For three days, a group of ordinary-looking, very well-spoken, collegial people discussed and debated the plausibility of conflicting explanations of the Kennedy assassination. Those who have been misled by the corporately-compromised media would be disappointed with the participants: there were no ominous references to the Holy Grail, Area 51, or Roswell, except in jest. Rather, the atmosphere of the gathering was more akin to a convention of neurosurgeons without the glamor of a glitzy destination. The few cranks– anti-Federal Reserve exponents and religious zealots– saw their comments politely dismissed.

Questions and Answers

Broadly speaking, there are two research methodologies that engage assassination investigators. One group of researchers develop, examine, analyze, and debate the physical evidence. The objects of their study are the familiar artifacts: the Zapruder film, the so-called “pristine bullet,” the rifle associated with Oswald, autopsy photos, etc. Of course not all physical evidence is either direct or clearly relevant. Photos, personal accounts, audio tapes, documents, etc. may be merely suggestive and open to broad interpretation. While physical evidence may count as “hard” data, it virtually never fills all of the narrative space between the premeditation to murder and the completion of the act. The judicial system recognizes this oft-occurring opening by placing the “hard” evidence before a jury with the hope that they will have the collective judgment to satisfactorily fill the gaps and arrive at a well-considered conclusion.

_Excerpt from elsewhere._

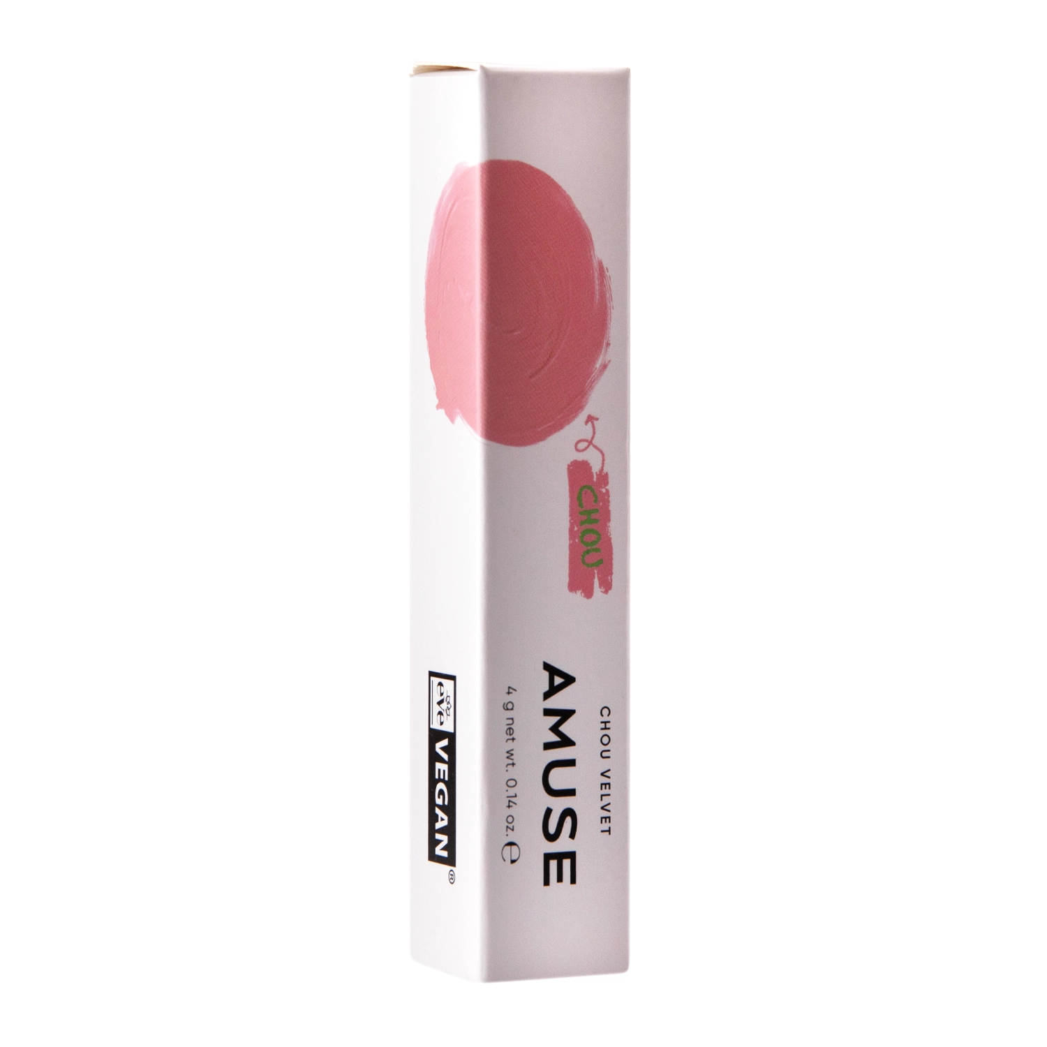 Amuse - Chou Velvet - 01 Boksoonga Chou - mitrinoša lūpu tinte ar satīna finišu. Tai ir maigs rozā tonis un krēmīga tekstūra, kas nodrošina vieglu uzklāšanu un vienmērīgu krāsas pārklājumu pa visām lūpām. Sastāvā esošā hialuronskābe un keramīdi palīdz uzturēt optimālu mitrināšanu un aizsargā lūpas no sausuma. Savukārt ilgnoturīgā formula ir izturīga pret izsmērēšanos un berzi. Produkts ir vegānisks.

But it would be naive to press the idealized courtroom analogy too hard. The court of public opinion, like the real judicial system, allows of differential resources, bias, and clandestine influence. But where honest people recognize that the courts are “overly” fair to the rich, and that the poor suffer a surfeit of fairness, the court of public opinion dispenses entirely with the notion of fairness. With the Kennedy assassination, the government and its agencies have invested overwhelmingly in the Warren Commission/Oswald-did-it-alone version. The US government has resisted at every step revealing relevant evidence that might shed new light on the case; it has even denied access to evidence developed to support the conventional view; and it has actively interfered with independent investigations of the assassination. Now-public documents show that the security agencies spied on and interacted with the Garrison investigation in New Orleans. Recent revelations demonstrate that the CIA established their former (1963) chief of covert operations in Miami as their liaison with the 1976 House Select Committee on Assassinations… without revealing this relevant fact (the Joannides affair). This revelation has belatedly driven the formerly compliant final head of that investigation, G. Robert Blakey, into uncharacteristic fits of indignation:

I am no longer confident that the Central Intelligence Agency co-operated with the committee…. I was not told of Joannides’ background with the DRE [Revolutionary Student Directorate], a focal point of the investigation. Had I known who he was, he would have been a witness who would have been interrogated under oath by the staff or by the committee. He would never have been acceptable as a point of contact with us to retrieve documents. In fact, I have now learned, as I note above, that Joannides was the point of contact between the Agency and DRE during the period Oswald was in contact with DRE. That the Agency would put a ‘material witness’ in as a ‘filter’ between the committee and its quests for documents was a flat out breach of the understanding the committee had with the Agency that it would co-operate with the investigation.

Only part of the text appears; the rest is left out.